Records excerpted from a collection
════

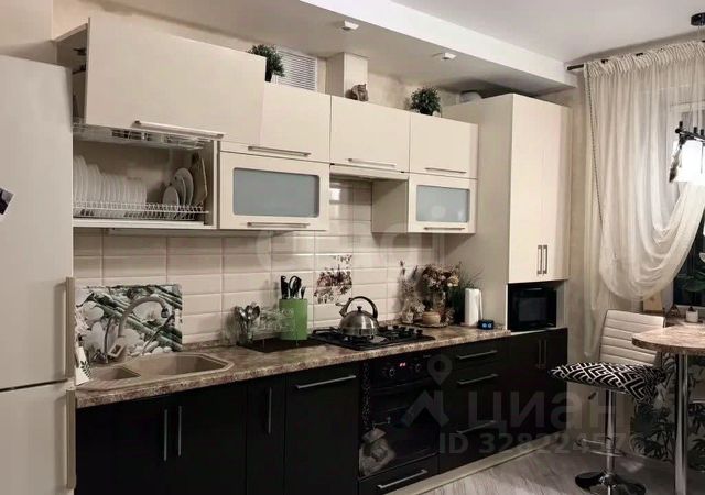в квартире остается: кухонный гарнитур, холодильник, посудомоечная, стиральная и сушильная машинки и мелкая бытовая техника.
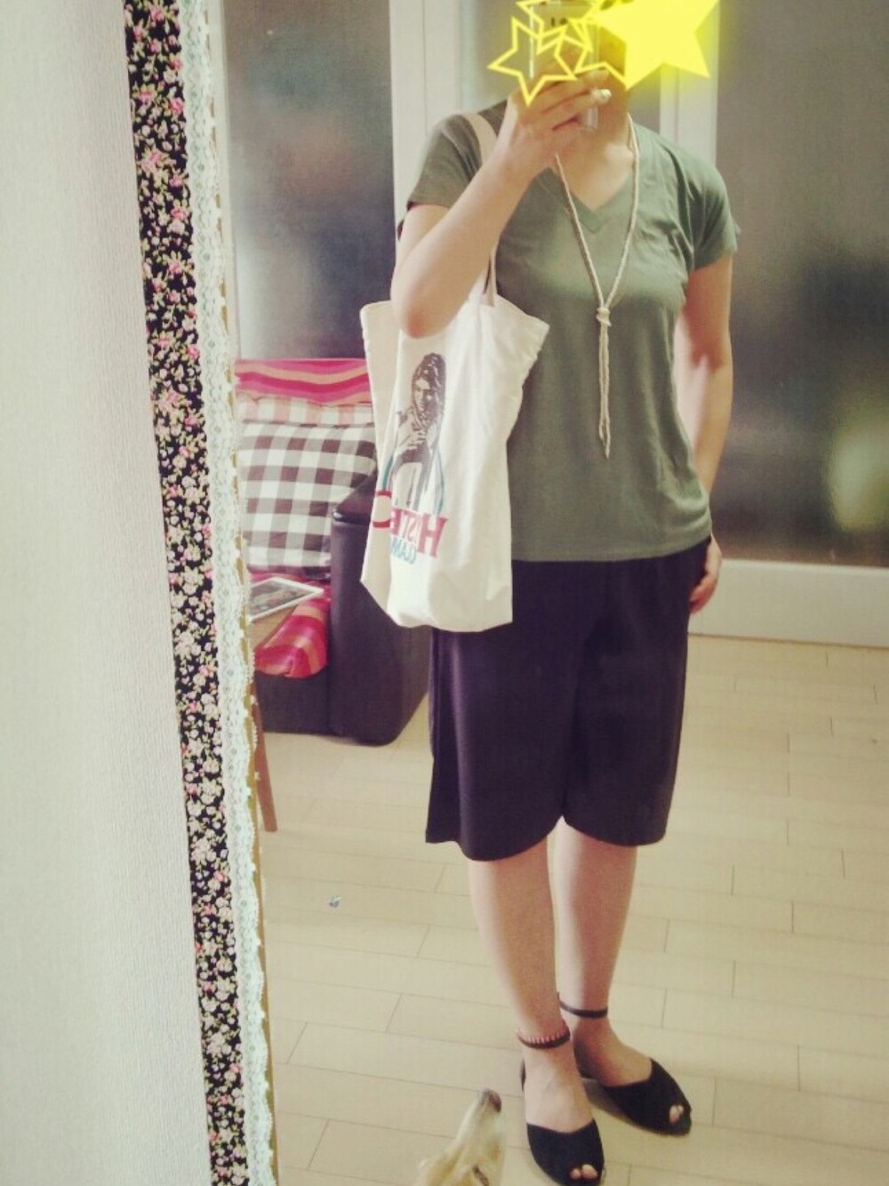 トートバッグは、ヒステリックです。 ガウチョパンツとTーシャツは、ネット通販。
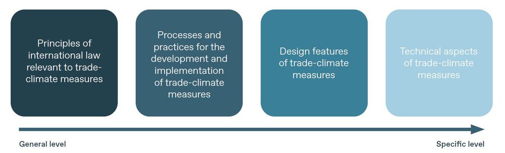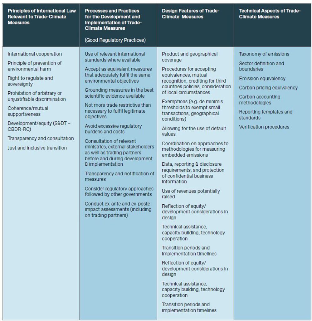 Regardless of the goal pursued, discussions on international cooperation on trade measures with climate objectives have mostly focused on four aspects: (i) principles of international law relevant to trade-climate measures; (ii) processes and practices for the development and implementation of measures (often referred to as “good regulatory practices”); (iii) design features of specific measures; and (iv) technical aspects.
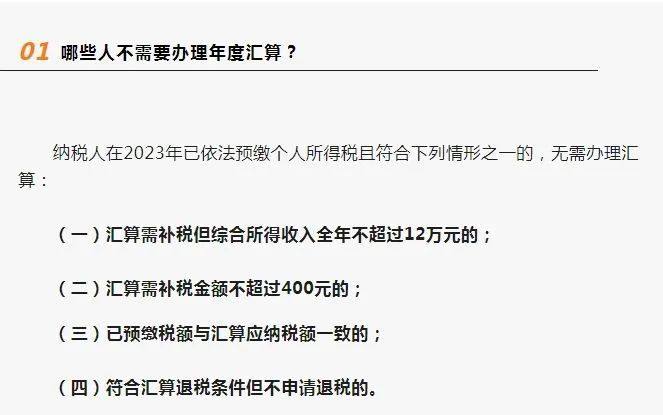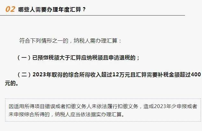 公告明确,2023年度汇算办理时间为2024年3月1日至6月30日。在中国境内无住所的纳税人在3月1日前离境的,可以在离境前办理。
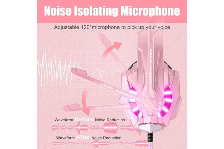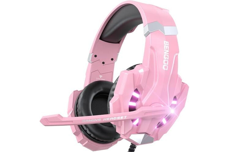 BENGOO G9000 Professional Gaming Headset for PS4, PC, Xbox One Controller, Noise Cancelling Over Ear Headphones with Mic, LED Light, Bass Surround, Soft Memory Earmuffs for Laptop Nintendo - Pink

════

> _PROBLEM DESCRIPTION_
Write out, word for word, the lines from the start of the data through the one holding "公告明确,2023年度汇算办". Omit pictures.

> _SOLUTION TO THE PROBLEM_
в квартире остается: кухонный гарнитур, холодильник, посудомоечная, стиральная и сушильная машинки и мелкая бытовая техника.
 トートバッグは、ヒステリックです。 ガウチョパンツとTーシャツは、ネット通販。
 Regardless of the goal pursued, discussions on international cooperation on trade measures with climate objectives have mostly focused on four aspects: (i) principles of international law relevant to trade-climate measures; (ii) processes and practices for the development and implementation of measures (often referred to as “good regulatory practices”); (iii) design features of specific measures; and (iv) technical aspects.
 公告明确,2023年度汇算办理时间为2024年3月1日至6月30日。在中国境内无住所的纳税人在3月1日前离境的,可以在离境前办理。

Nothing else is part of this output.